Всем привет! Сегодня мы поговорим простыми словами об аутентификации, авторизации и о том, как работает проверка личности в сети. Аутентификация — это повсеместная процедура аутентификации в информационных технологиях.
Более подробно
Подлинность также проверяется на веб-сайтах путем сравнения символов и букв, добавленных в текстовое поле «Пароль», с паролями, хранящимися в базе данных и в сети, для проверки целостности файлов, документов и даже электронных писем. В масштабах современного мира без аутентификации невозможно представить пару серьезных приложений. Поэтому важно понимать, откуда взялась аутентификация и каких вершин она достигла в процессе разработки.
Но прежде чем мы начнем, важно понять «слова» и то, что стоит за «аутентификацией». И лучше начать с примеров, которые часто вызывают недоумение:
- Идентификация – это процедура распознавания субъекта.
- Аутентификация — это процесс подтверждения того, что субъект соответствует характеристикам (идентификатору) и имеет доказательство, подтверждающее личность.
Но авторизация уже помогает определить, какие права доступа предоставляются субъекту, прошедшему аутентификацию, и какие функции после этого разблокируются.
Разберемся: что такое аутентификация? Эволюция — от простого к сложному:
HTTP Basic Authentication
Базовый и редко используемый протокол аутентификации, основанный на передаче имени пользователя и пароля на определенный сервер, связанный с клиентом (приложениями, браузером и сайтами) для проверки пользователей. Передаваемая информация защищена по стандарту Base64 (двоичное кодирование с использованием 64 символов ASCII), поэтому есть риск столкнуться с утечками и опасностями (такими как атака «Человек посередине»). При использовании незащищенных соединений передаваемые логины и пароли легко перехватываются злоумышленниками на этапе передачи на сервер или уже клиенту.

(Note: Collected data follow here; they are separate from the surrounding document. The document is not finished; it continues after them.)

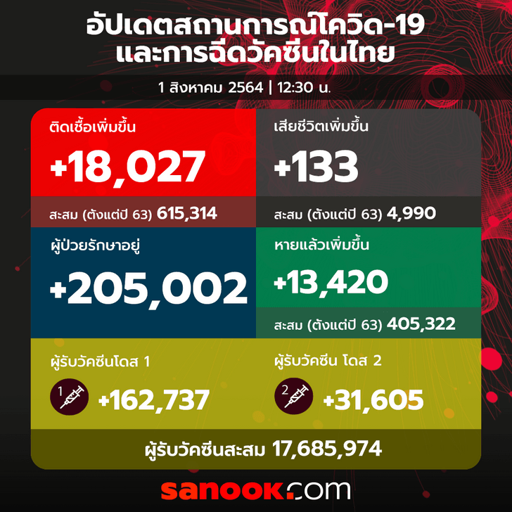 ล่าสุด สถานการณ์การแพร่ระบาดของโรคติดเชื้อไวรัสโคโรนา 2019 (COVID-19) หรือ โควิด-19 ในไทยวันนี้ พบผู้ติดเชื้อรายใหม่เพิ่ม 18,027 ราย แบ่งเป็นผู้ติดเชื้อใหม่ 17,653 ราย และผู้ติดเชื้อในเรือนจำ 374 ราย ยอดติดเชื้อรวมระลอกเมษายน 586,451 ราย รวมยอดติดเชื้อสะสม 615,314 ราย เสียชีวิตเพิ่ม 133 ราย เสียชีวิตสะสม 4,990 ราย หายป่วยเพิ่ม 13,402 ราย ยังรักษาตัวอยู่ 205,002 ราย
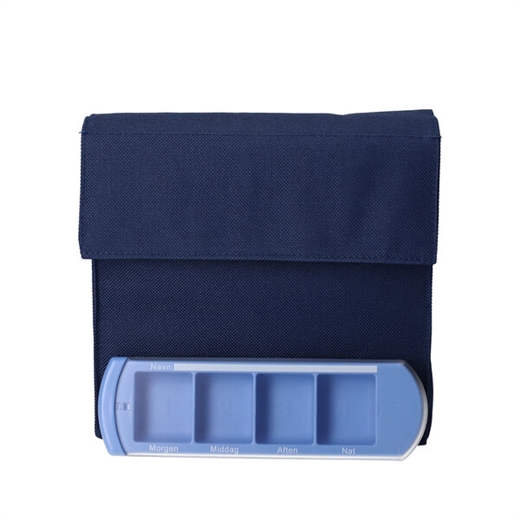 Medinizer doseringsæskerne er placeret i en blå nylontaske med velcrolukning.
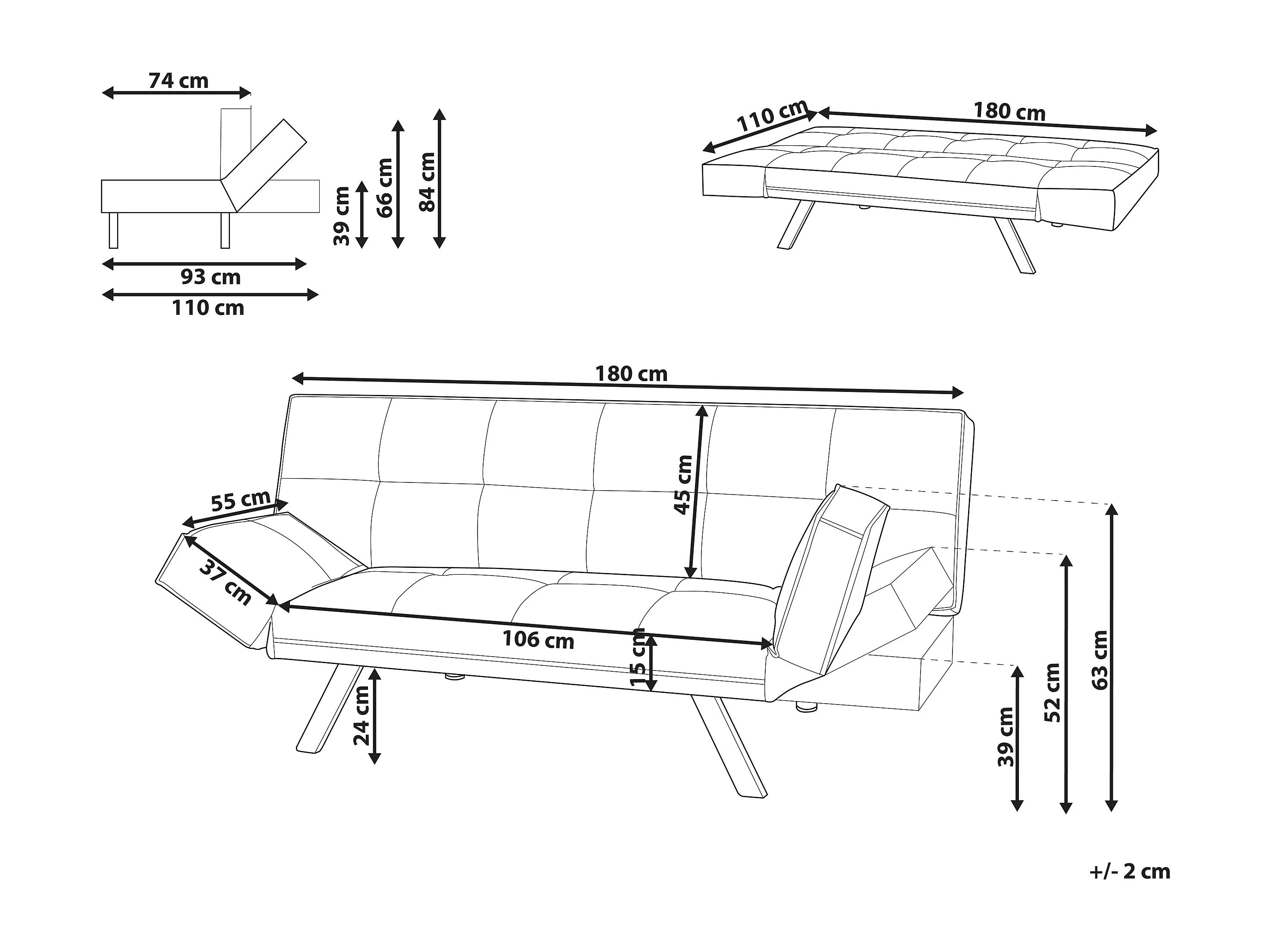 Sofá-cama BRISTOL Tecido Castanho 3 lugares

HTTP Digest Authentication
Альтернативный этап развития технологии аутентификации, связанный с добавлением дополнительного 128-битного алгоритма хеширования логинов и паролей (генерируется специальный «отпечаток пальца» произвольной длины, который затем сравнивается с данными, хранящимися на сервере). Из плюсов мошенникам сложнее получить секретную информацию, а уязвимостей для перехвата все же достаточно.
Forms Authentication
Промежуточная точка разработки, исключающая вывод ошибок перед аутентификацией. Для Дайджеста и Базового при выполнении запросов на защищенных страницах ресурсов выводится стандартная ошибка об отсутствии прав и возможностей с пометкой 401 Unauthorized. При попытке просмотра недоступных страниц сайта пользователь будет перенаправлен на следующую страницу, где начнется процесс аутентификации путем ввода логина и пароля.

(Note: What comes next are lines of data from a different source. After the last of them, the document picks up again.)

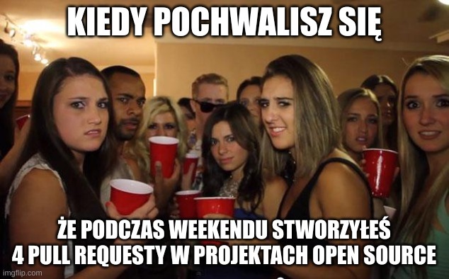 @Kordem: ostatnio wbijam na linkedina jednego gościa z którym miałem przyjemność pracować i w bio dumnie chwali się że "otworzył pull request do repo języka X i został zaakceptowany". Myślę sobie "wow nieźle, nie wiedziałem ze na tyle ogarnia". Zainteresowany postanowiłem sprawdzić co to za zmiana, a tam commit w którym zmienił literkę w nazwie jednego dependency używanego w projekcie. Dosłownie dependency -> Dependency w readme xDDDD
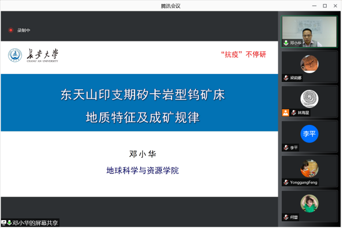 “长安学者”的邓小华教授和徐海教授做学术报告,邓小华教授报告题目为“东天山印支期矽卡岩型钨矿床地质特征及成矿规律”,徐海教授报告题目为“亚洲内陆干旱区全新世可能的水文气候模态及机制”,jojo漫画
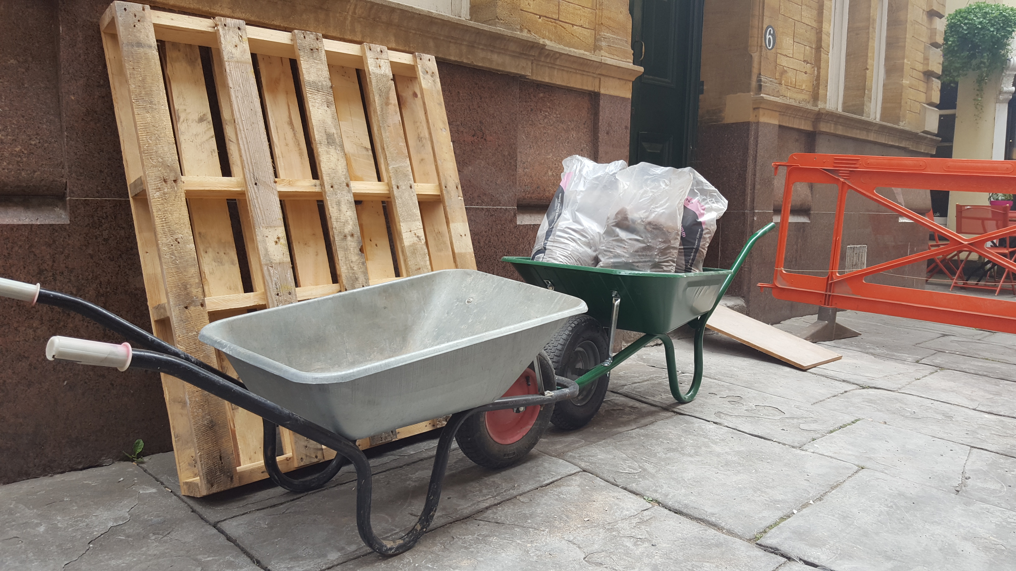 Wheelbarrows outside All Saints House – photo by Josiah Wong

В результате генерируется специальный HTTP POST-запрос вместе с заполненными данными веб-формы и передается в хранилище сервера. Сгенерированные данные изучаются, а затем возвращаются, но уже в виде идентификатора, который сохраняется в браузере пользователя вместе с «Cookies», и автоматически применяется на всех этапах взаимодействия с защищаемым ресурсом.
Token Authentication
Отдельный этап сетевой аутентификации на основе SSO — single sign-on, технология, обеспечивающая возможность переключения между ресурсами и приложениями без дополнительного запроса на аутентификацию.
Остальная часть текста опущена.